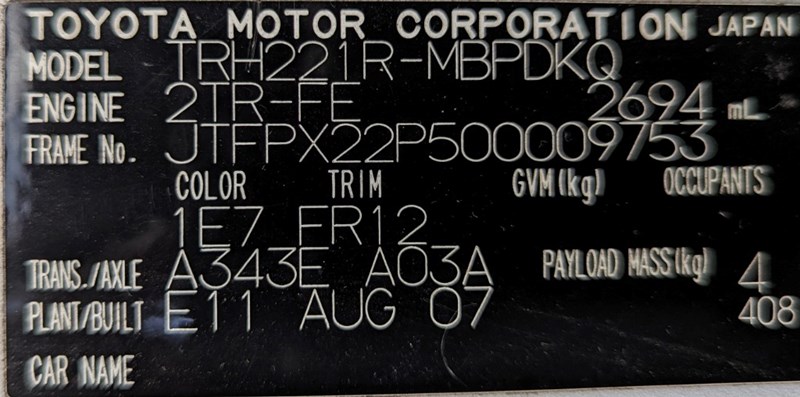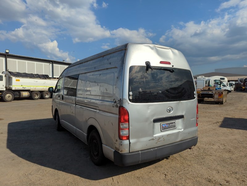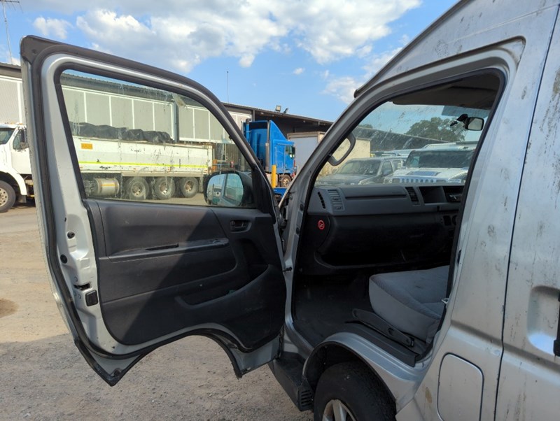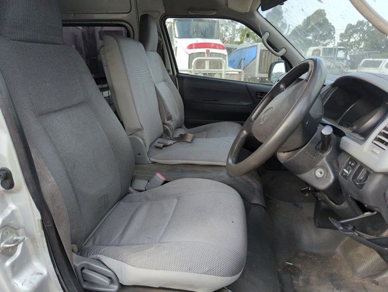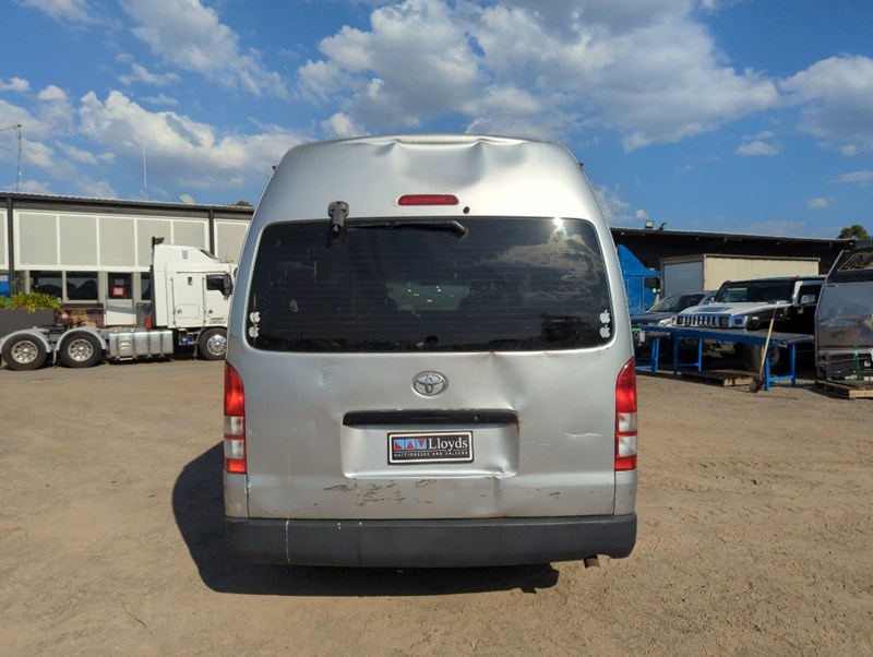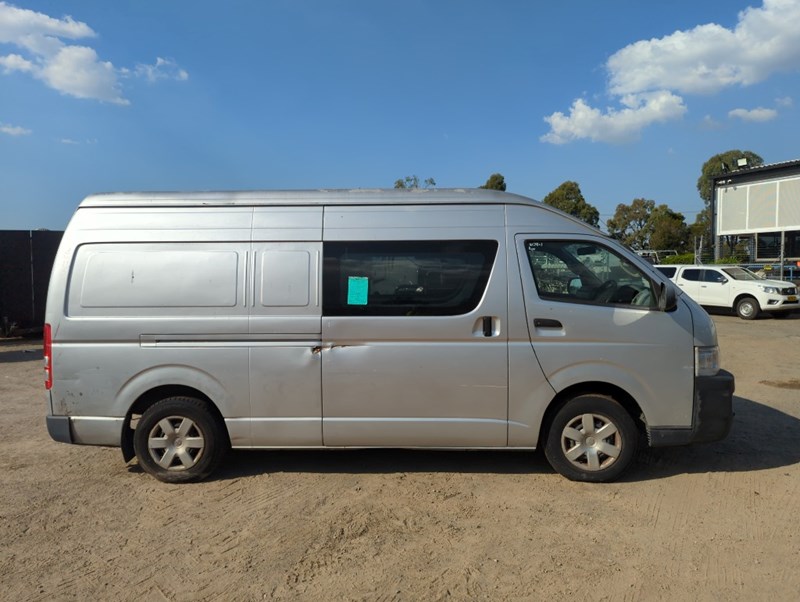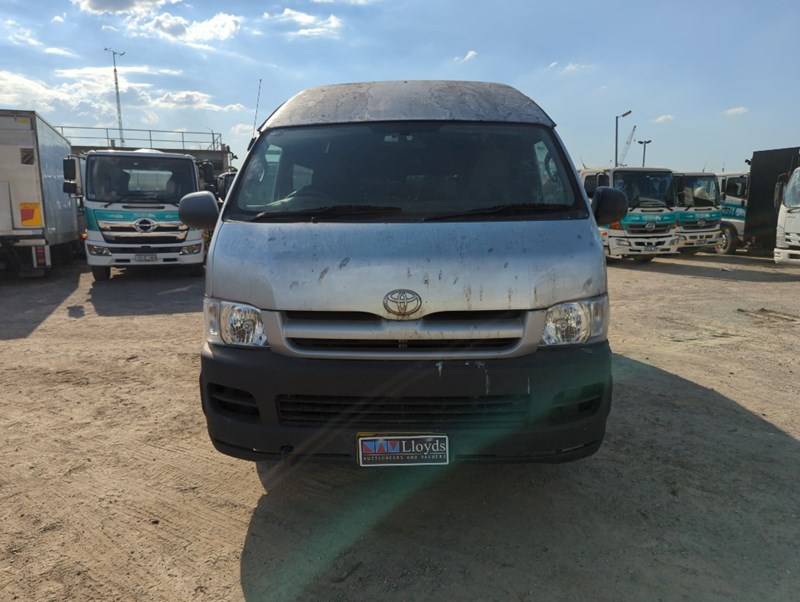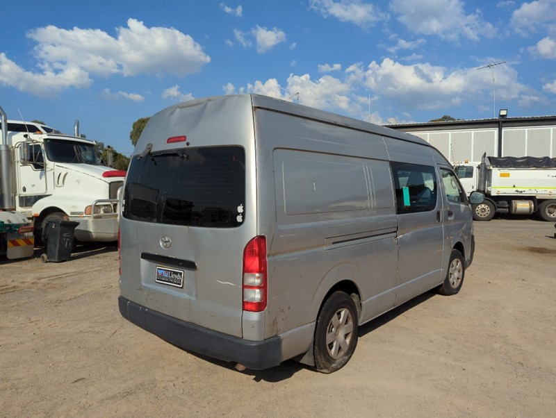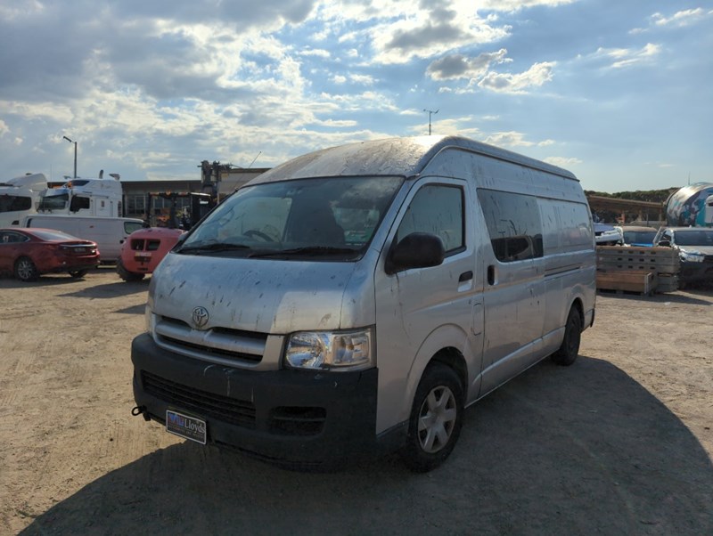 2007 Toyota Hiace TRH221R SLWB Year: 2007 Make: Toyota Model: Hiace Series: TRH221R Badge: SLWB Body: 4-Door Van Drive Type: Rear wheel drive Odometer: Indicating 253,497 Kilometers Engine: 2.7 Petrol Transmission: Automatic Colour: Silver Seats: 3 Description/extras: Damages, Refer to photos, Note: Inspection highly recommended Keys x1, Overall condition rough, flat battery. Notes: Possible ceased engine or starter motor. Electrical issues possible. VIN: JTFPX22P500009753 ENG No: 2TR0511298 (As per PPSR) (Key #No Key Marple) Lloyds stock #161288+1
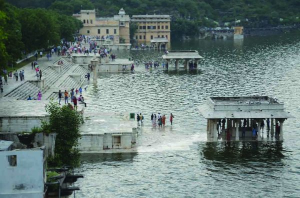 राजसमंद झील के लबालब भरने पर लवाणा में लोगों के मवेशियों के बांधने के लिए बने बाड़ों में भरा पानी।
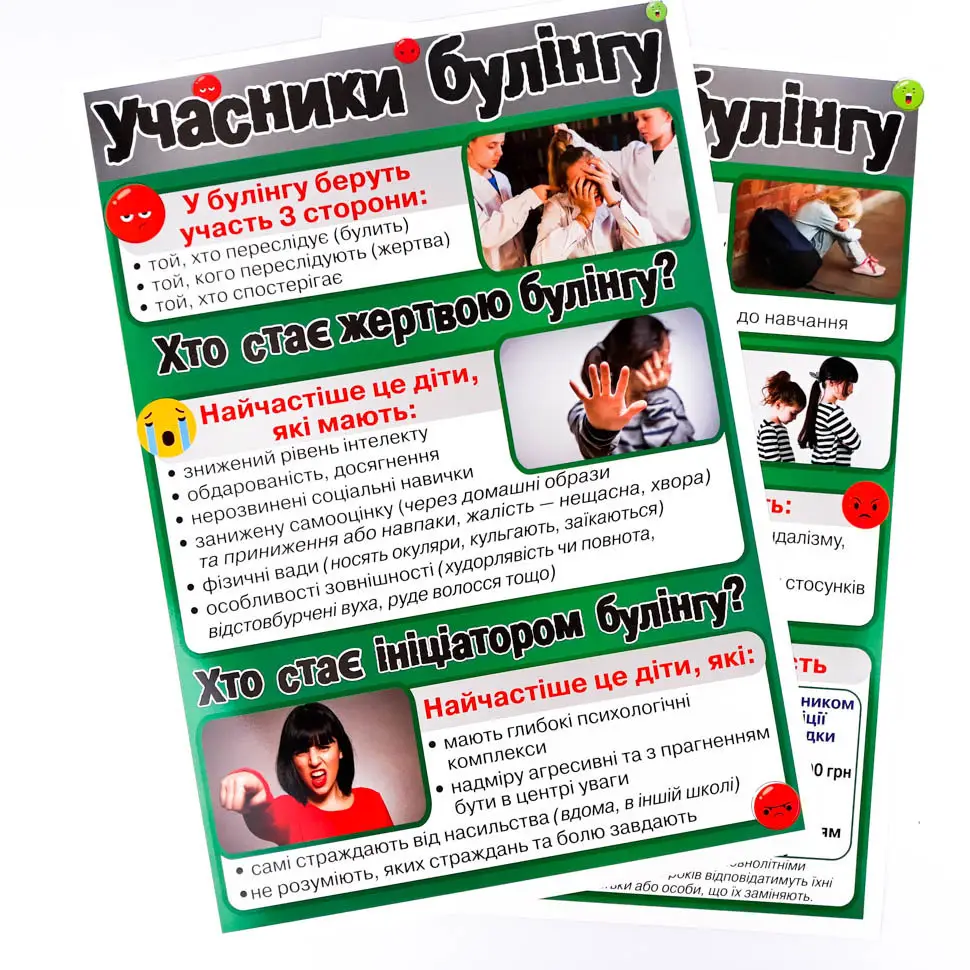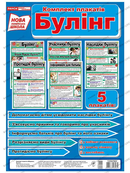 Що таке «Булінг»? Це агресивна свідома поведінка дитини або групи дітей стосовно іншої, що супроводжується регулярним психологічним тиском. Найбільш поширене це явище в шкільних навчальних закладах. Які причини, наслідки і як цьому запобігти? Відповіді на ці питання знаходимо в комплекті плакатів про булінг. Використовуємо плакати на виховних годинах чи розміщуємо для інформативності в класі. Під час занять допомагаємо дітям усвідомити наслідки булінгу та навчаємо їх, як правильно протидіяти цьому.

WHAT YOU ARE ASKED TO DO: Leave the pictures out and copy the rest of the data exactly.

PROBLEM SOLUTION:
 2007 Toyota Hiace TRH221R SLWB Year: 2007 Make: Toyota Model: Hiace Series: TRH221R Badge: SLWB Body: 4-Door Van Drive Type: Rear wheel drive Odometer: Indicating 253,497 Kilometers Engine: 2.7 Petrol Transmission: Automatic Colour: Silver Seats: 3 Description/extras: Damages, Refer to photos, Note: Inspection highly recommended Keys x1, Overall condition rough, flat battery. Notes: Possible ceased engine or starter motor. Electrical issues possible. VIN: JTFPX22P500009753 ENG No: 2TR0511298 (As per PPSR) (Key #No Key Marple) Lloyds stock #161288+1
 राजसमंद झील के लबालब भरने पर लवाणा में लोगों के मवेशियों के बांधने के लिए बने बाड़ों में भरा पानी।
 Що таке «Булінг»? Це агресивна свідома поведінка дитини або групи дітей стосовно іншої, що супроводжується регулярним психологічним тиском. Найбільш поширене це явище в шкільних навчальних закладах. Які причини, наслідки і як цьому запобігти? Відповіді на ці питання знаходимо в комплекті плакатів про булінг. Використовуємо плакати на виховних годинах чи розміщуємо для інформативності в класі. Під час занять допомагаємо дітям усвідомити наслідки булінгу та навчаємо їх, як правильно протидіяти цьому.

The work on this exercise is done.